:: PROBLEM STATEMENT ::
Copy the material below verbatim from the line with "5.5 ~ 12 )的礦石。" to the line with "Illustration originale finement", both lines included, omitting pictures and every line outside that range.

:: SUPPLIED RECORDS ::
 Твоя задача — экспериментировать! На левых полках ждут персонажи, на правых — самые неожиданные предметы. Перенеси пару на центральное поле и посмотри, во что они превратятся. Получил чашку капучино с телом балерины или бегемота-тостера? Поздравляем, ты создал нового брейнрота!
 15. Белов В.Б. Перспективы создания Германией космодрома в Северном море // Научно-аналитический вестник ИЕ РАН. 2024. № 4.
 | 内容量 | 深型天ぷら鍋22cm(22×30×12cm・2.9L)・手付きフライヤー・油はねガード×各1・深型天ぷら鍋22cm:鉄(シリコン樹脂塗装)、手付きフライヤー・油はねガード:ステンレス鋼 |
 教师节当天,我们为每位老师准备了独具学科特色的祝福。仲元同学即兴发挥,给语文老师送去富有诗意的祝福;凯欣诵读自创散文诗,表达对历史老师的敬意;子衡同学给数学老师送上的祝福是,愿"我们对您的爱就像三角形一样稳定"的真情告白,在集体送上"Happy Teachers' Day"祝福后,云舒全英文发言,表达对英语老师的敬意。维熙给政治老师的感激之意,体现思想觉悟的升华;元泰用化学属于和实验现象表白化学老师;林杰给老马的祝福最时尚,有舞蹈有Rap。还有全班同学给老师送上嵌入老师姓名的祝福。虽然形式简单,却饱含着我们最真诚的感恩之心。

--

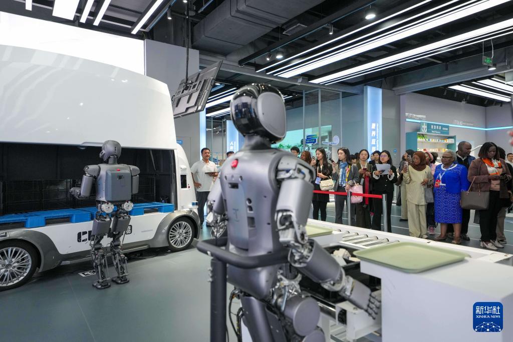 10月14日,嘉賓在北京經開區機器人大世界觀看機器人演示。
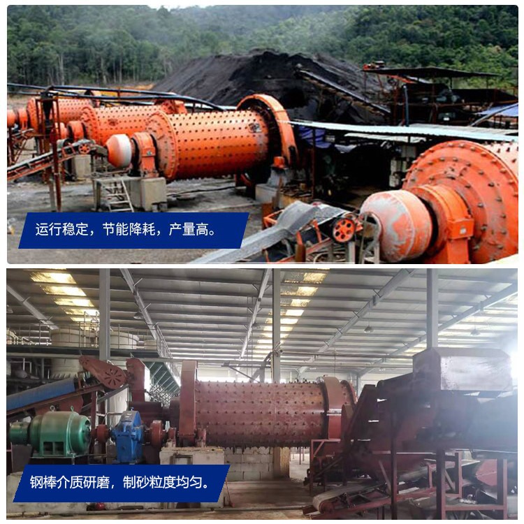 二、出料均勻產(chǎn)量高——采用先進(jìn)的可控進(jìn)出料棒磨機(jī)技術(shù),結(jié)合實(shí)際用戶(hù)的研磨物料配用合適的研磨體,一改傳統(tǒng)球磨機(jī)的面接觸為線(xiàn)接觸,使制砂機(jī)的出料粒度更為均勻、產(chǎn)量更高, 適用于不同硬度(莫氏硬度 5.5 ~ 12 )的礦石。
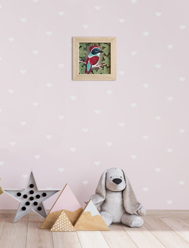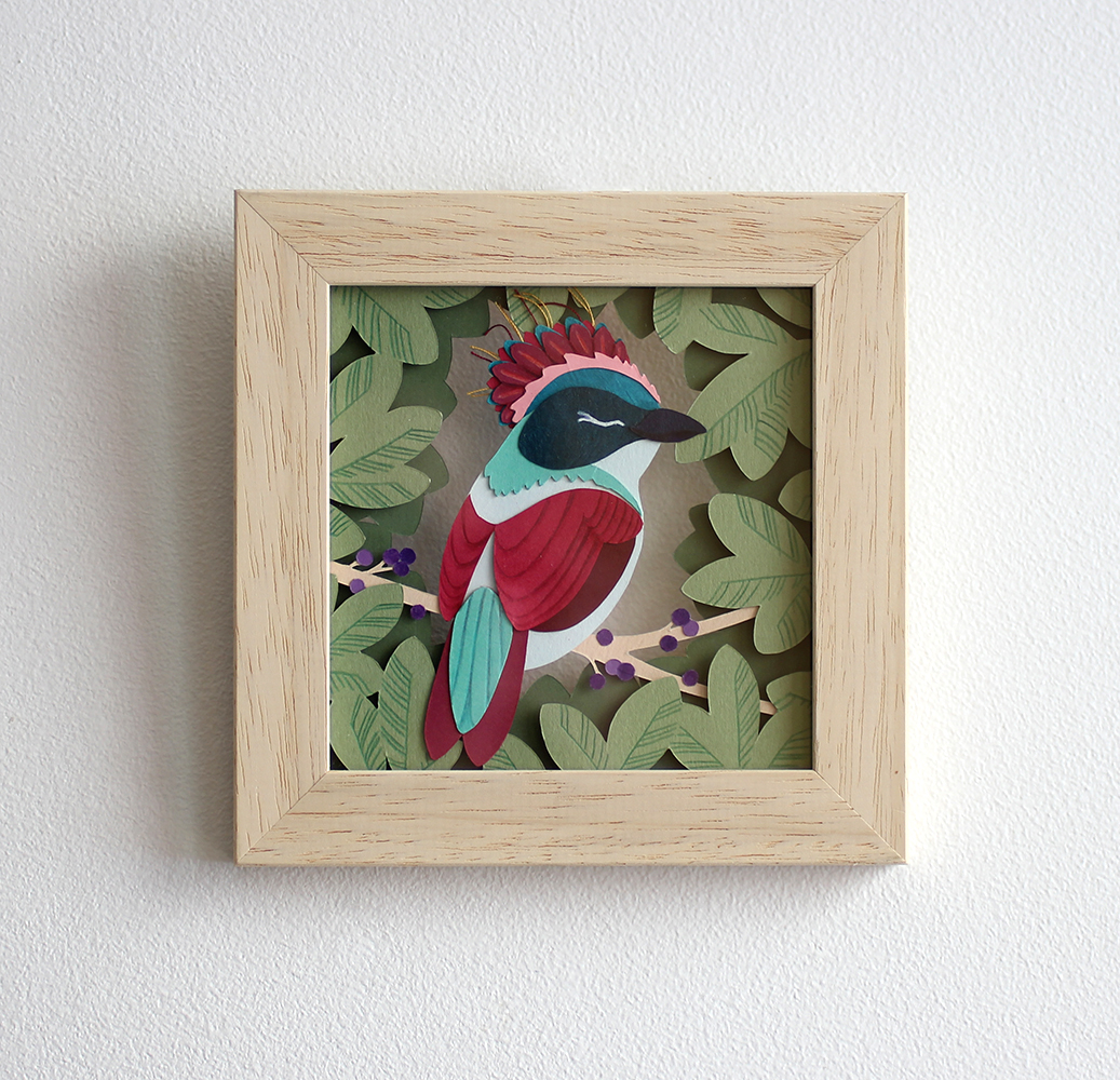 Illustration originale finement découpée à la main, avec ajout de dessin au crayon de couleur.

--

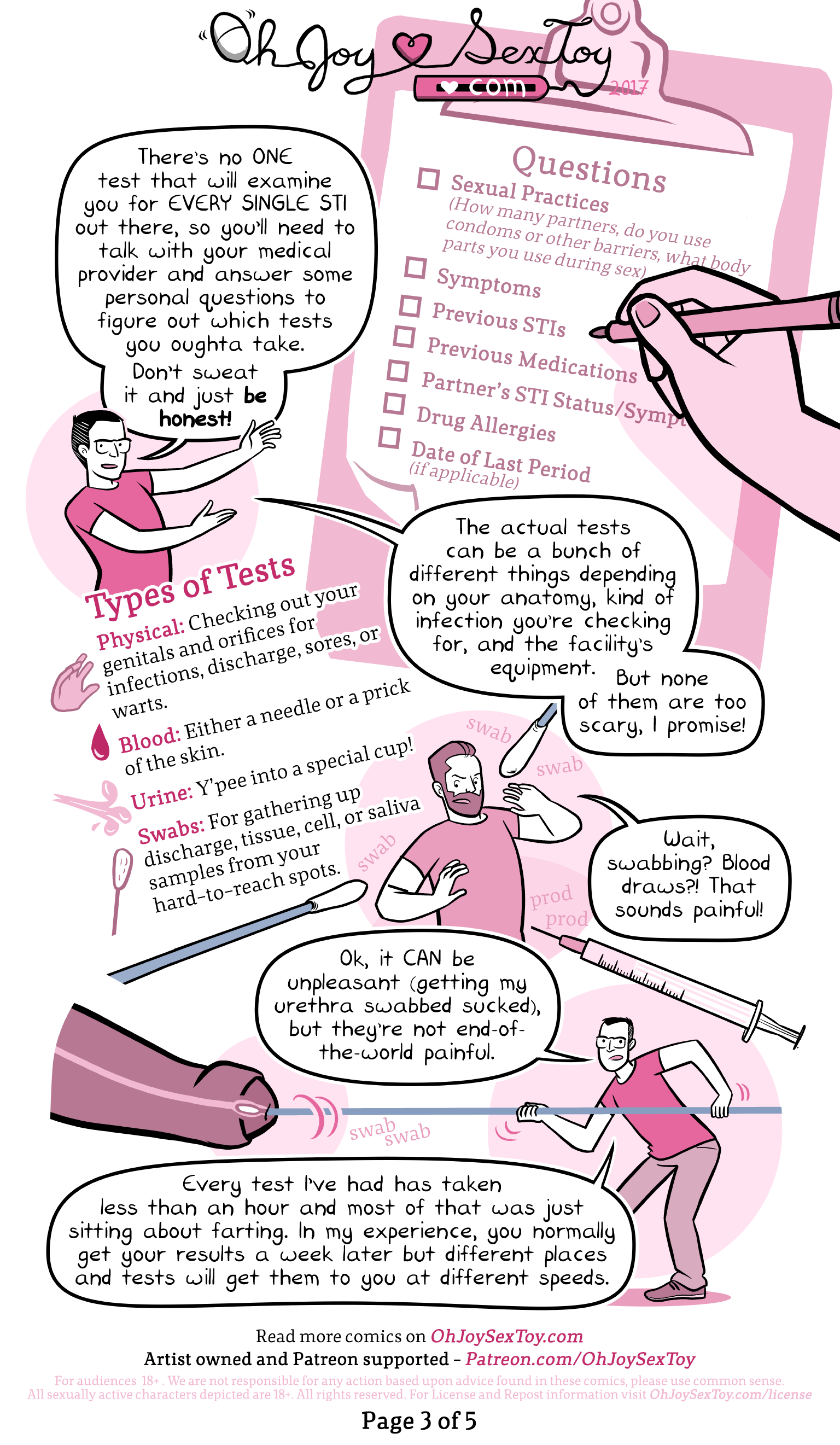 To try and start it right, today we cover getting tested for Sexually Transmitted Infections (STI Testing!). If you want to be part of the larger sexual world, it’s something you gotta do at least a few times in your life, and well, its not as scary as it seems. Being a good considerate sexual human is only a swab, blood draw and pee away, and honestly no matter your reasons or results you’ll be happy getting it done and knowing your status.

:: TASK SOLUTION ::
 二、出料均勻產(chǎn)量高——采用先進(jìn)的可控進(jìn)出料棒磨機(jī)技術(shù),結(jié)合實(shí)際用戶(hù)的研磨物料配用合適的研磨體,一改傳統(tǒng)球磨機(jī)的面接觸為線(xiàn)接觸,使制砂機(jī)的出料粒度更為均勻、產(chǎn)量更高, 適用于不同硬度(莫氏硬度 5.5 ~ 12 )的礦石。
 Illustration originale finement découpée à la main, avec ajout de dessin au crayon de couleur.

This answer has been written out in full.